Last week, Seattle played host to the Reinvent the Toilet Fair, sponsored by the Bill and Melinda Gates Foundation, which put on display the results of a big-money challenge to develop low-cost, high-quality toilets, according to the MinnPost.
All entrants to the fair had to be able to handle "both liquid and solid waste without connections to a water system, an electric grid or a sewer line, as well as operate below five cents a day."
The objective, as put forth by the Foundation, is not to replace the massively wasteful flush toilets of the industrialized world, but to extend the benefits of modern sanitation throughout a developing world whose facilities run the sorry gamut from an outhouse downhill to a ditch.

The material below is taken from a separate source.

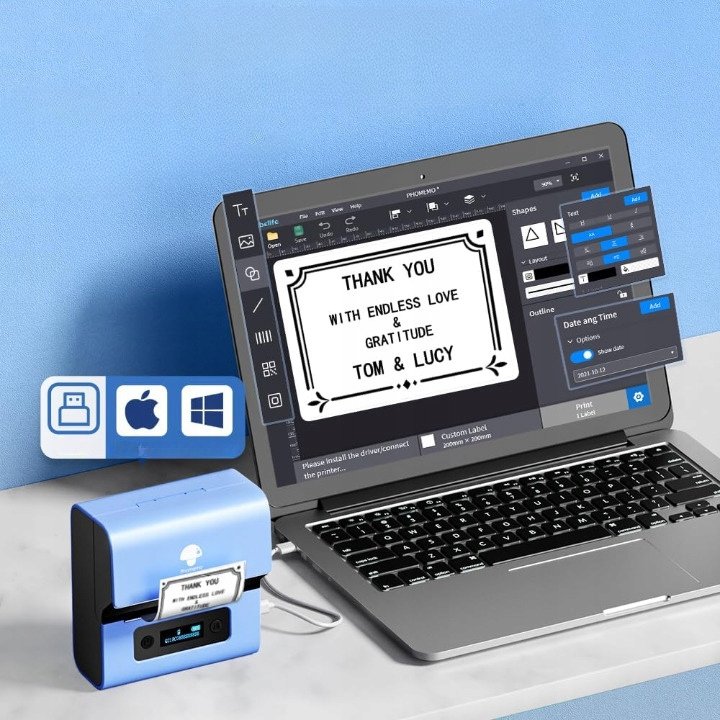 A: Oczywiście drukarka posiada bogatą bibliotekę wbudowanych grafik, ale także umożliwia dodawanie własnych zdjęć/grafik dzięki czemu pozwala na jeszcze większe personalizowanie swoich wydruków.

Over the past two years, the Gates Foundation has granted nearly $150 million to improve global sanitation, and there is more where that came from.
Through the challenge, $3 million to teams of eight universities, scattered throughout the world.
The three top winners, as described by Bloombergs Lisa Beyer, include:
• The California Institute of Technology won first prize for a device that includes a solar-powered electrochemical reactor that disinfects waste and generates hydrogen to be used as fuel.
• The model from the Loughborough University in the U.K. generates clean water from urine and feces and uses a hydrothermal carbonization reactor to turn solid waste into biological charcoal that can be used as fertilizer.
• The University of Toronto entry dries and smolders waste to sanitize it and uses a sand filter and ultra-violet light to recover clean water.
Going forward, the foundation will pursue field testing of these models to determine their real-world viability.